Котенко вышел в «приемный покой» и увидел, что Зощенко силится приподняться. Он тут же ударил его дубинкой до шее. Протопопов и Хоркин пинали летчика с двух сторон. В этот самый момент в помещение зашел Марков – он отвез Аллу, кое-как успокоил ее, и теперь, деваться некуда, вернулся на дежурство. От открывшейся перед ним картины Марков остолбенел.
– Да вы что делаете, сдурели совсем? – закричал Марков, бросаясь к Котенко и пытаясь перехватить его руку с дубинкой.
– Уйди, дед! – закричал Протопопов, хватая Маркова за бушлат и отбрасывая в сторону с неожиданной силой. – Этот хер мне бутылкой по башке заехал – что ж нам с ним, песни петь? Щас Афганистан поболит у него в душе!
Марков бросился в свалку снова, но тут Хоркин ударил старика с размаху в челюсть и Марков выключился.

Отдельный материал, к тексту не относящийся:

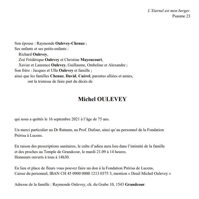 Michel OULEVEY 09 mar. 1946 - 16 sep. 2021 Avis mortuaire PFG Télecharger PDF Partager sur: Galerie PreviousNext PreviousNext

Зощенко, передохнувший то мгновение, когда Марков вмешался в драку, снова попытался встать. Ему казалось, что это главное, а там уж он как-нибудь управится с ними. В конце концов, бывало и не такое – по молодости Зощенко дрался много. Однако вставать не давали. На голову сыпались удары, и ладно бы только кулаками – дежурный методично бил дубинкой, в нескольких местах уже раскроив кожу. Кровь заливала летчику глаза. Тут он изловчился, схватил чьи-то ноги и дернул. Кто-то с криком и матерками упал. Зощенко начал подниматься, но прямой удар в лицо опрокинул его. Приходя в себя он вдруг услышал, как кто-то поет: «Офицеры, офицеры! Ваше сердце под прицелом!» Кое-как разлепив веки, он разглядел, что это тот молодой мент, на которого наткнулся Кутузов уже таким далеким вечером. Мент достал зажигалку, зажег ее и раскачивался, как на концерте.
– За Россию и свободу до конца! – пел он.

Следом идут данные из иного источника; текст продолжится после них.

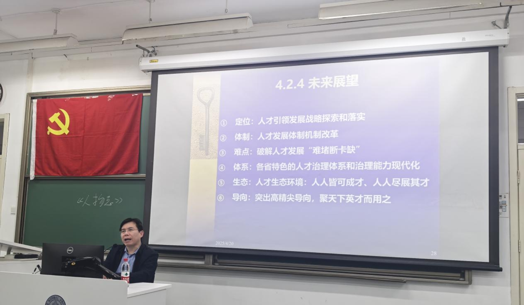 讲座伊始,于海波教授从人才的含义出发,对2025年政府工作报告、党的二十届三中全会、北京市实施意见中的相关论述进行了具体解读。他强调,要全面提高人才队伍质量,人才评价与人才发展是核心。

– Да вы люди или кто?! – в ужасе воскликнул Зощенко.
Тут его подхватили под руки и подняли. Он увидел, что прямо перед ним стоит Давыдов.
– Ну что, папаша, учиться, учиться и учиться, говоришь?… – задумчиво проговорил Давыдов, слегка подпрыгивая на носках и приняв боевую стойку. – Вот сейчас и поучимся. Поднимите его повыше, пацаны. Смотрите – вот это маваши гери!
И тут все тело его пружинисто двинулось, он махнул ногой. Удар был мгновенный, но всем казалось, что он тянулся не меньше минуты. Голова Зощенко мотнулась так, что казалось – оторвется. Зощенко обмяк. Изо рта его текла густая кровь.
– Блин, вырубился! – с сожалением сказал Давыдов.
– Да и хрен с ним… – сказал Крейц, который вместе с Хоркиным держал Зощенко под руки. – И так весь свитер мне его кровью забрызгали. Свитер-то новый! Мне его как теперь отстирывать?!
– Холодной водой замой… – сказала ему Уткина, и тут же игриво добавила: – Пошли, помогу…
Крейц с трудом перевел на нее взгляд.
– Сначала выпьем…
Они с Хоркиным бросили Зощенко на пол и все, переступая через него и задевая ботинками и сапогами, пошли в подсобку…
… В восемь утра начали выпускать. Зощенко к этому времени убрали из «приемного покоя», кинув во все тот же карцер. Он там пришел в себя и сидел в углу. Голова гудела. Волосы, лицо, одежда, руки – все было в крови. В первые минуты, как очнулся, Зощенко решил, что он на войне, его сбили, он выпрыгнул с парашютом и лежит сейчас на афганских камнях. Но потом он все вспомнил и подумал: «Лучше бы и правда сбили»…
Ознакомительная версия.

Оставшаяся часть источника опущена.